Burak'ı gören müdire oturduğu yerden kalkıp ceketinin düğmelerini ilikledi. Gözleri fal taşı gibi açılırken ağzıda aynı işlemi yapıyordu."Bu-burak bey sizi burada görmek ne büyük şeref. Hoş geldiniz efendim."
Burak gülümseyip baş selamı ile karşılık verdi. Eflin halinden memnun olmayan bir ifade ile konuştu.
"Evet Burak'ta geldiğine göre bir an önce imzaları atalım."
Neden yani?
Niye Burak?
Zaten zor nefes alıyorum. İyice nefessiz kalıyordum bu adamı görünce. Şimdi bir de ortak mı olacaktık? Kendi işini zor gören kalbim bunu kaldıramayabilirdi.

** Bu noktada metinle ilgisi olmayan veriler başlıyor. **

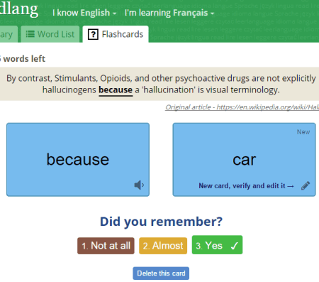 When you are done with translating, you can use the same pop-up to access Review Flashcards option. It will direct you to your Readlang account and generate the flashcards for you. Now you can play with those flashcards and try your best to memorize those words.

Zerrin hanım masasından kalkıp dosyaların bulunduğu rafa ilerledi. Eline aldığı kırmızı kapaklı evrakları aramızdaki sehpaya koyduktan sonra yerine tekrar oturdu. Gözlerim önce evraklara ardından Burak'a kaymıştı. O da aynı şekilde evraklara ve Fırat'a bakıyordu. Benim ona bakan irislerimi fark edince başını bana çevirdi ve göz göze geldik. Anında kafamı önüme döndürdüm. Çünkü konuşma yetimi kaybedebilirdim. Kafamın içinde o kadar çok konuşma vardiki gözlerim dalıp gitmişti. Gözümün önünde sallanan kalemle düşüncelerimden sıyrıldım."Dünyada mısınız Yeşim hanımcığım?"

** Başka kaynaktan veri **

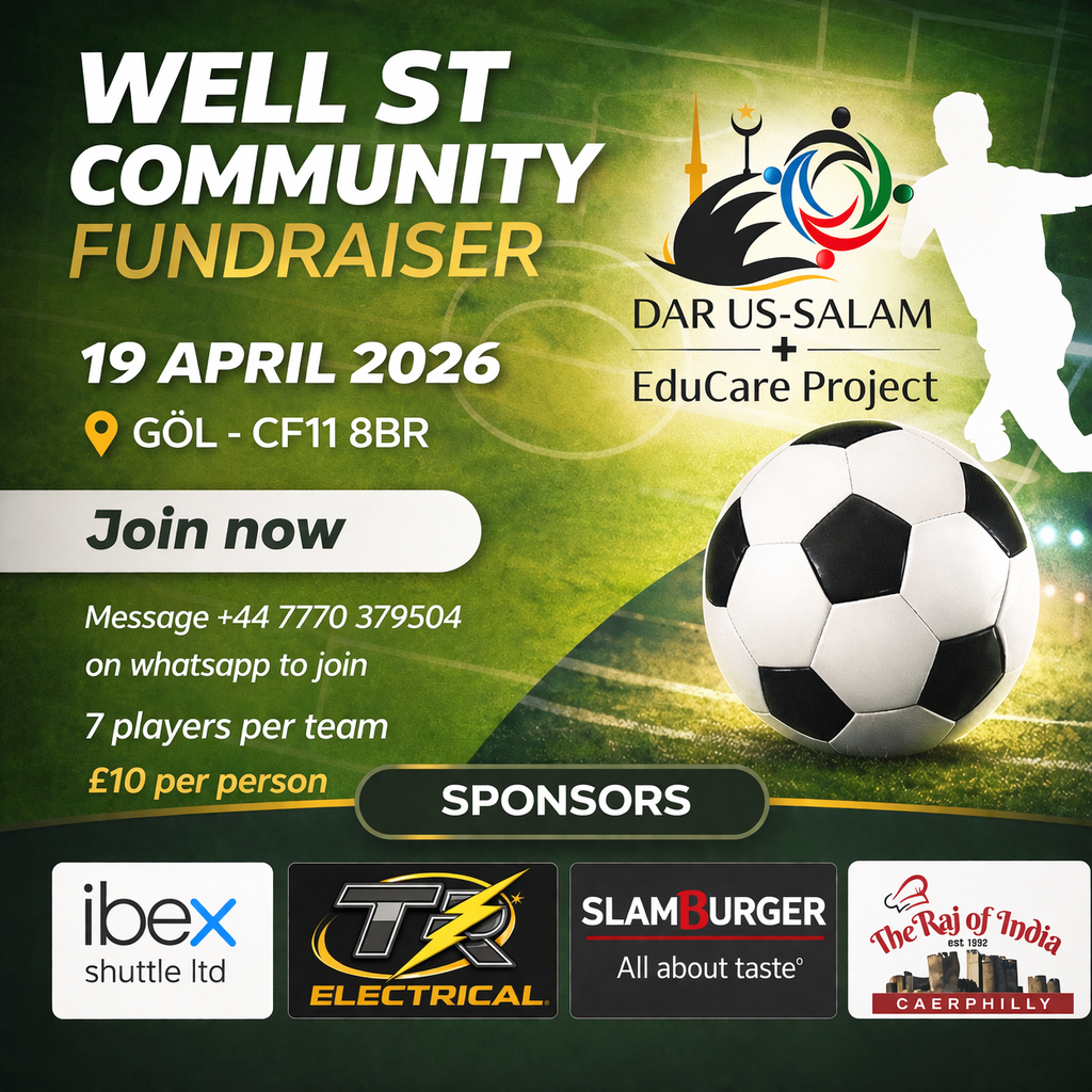Alhamdulillah, we have secured a property at 85A Wells Street in Cardiff which will inshaAllah become a community centre serving the local community. This is a joint initiative between Educare Project, Crisis Aid and Dar Us-Salam, with the aim of creating a space for education, youth activities, community services and charitable work.

Zerrin hanımın elinde sallamış olduğu kalemi elime aldım.
"Nereyi imzalıyoruz? İmzalayalım bir an önce."
Sehpadaki dosyaları Zerrin hanımın masasına bıraktım. Dosyadaki sayfaları çevirip parmağı ile işaret etti.
"Şuraya."
Şekli belli olmayan iğrenç imzamı kağıda karaladım. Kalemi masaya bırakacağım sırada elimin üzerinde Burak'ın elini hissettim. Hızla elimi çekerken kalemi eline aldı. Bana yaklaşıp sağıma düşen örgümü eliyle arkama attı. Ardında kulağıma yaklaşıp fısıltı şeklinde mırıldandı.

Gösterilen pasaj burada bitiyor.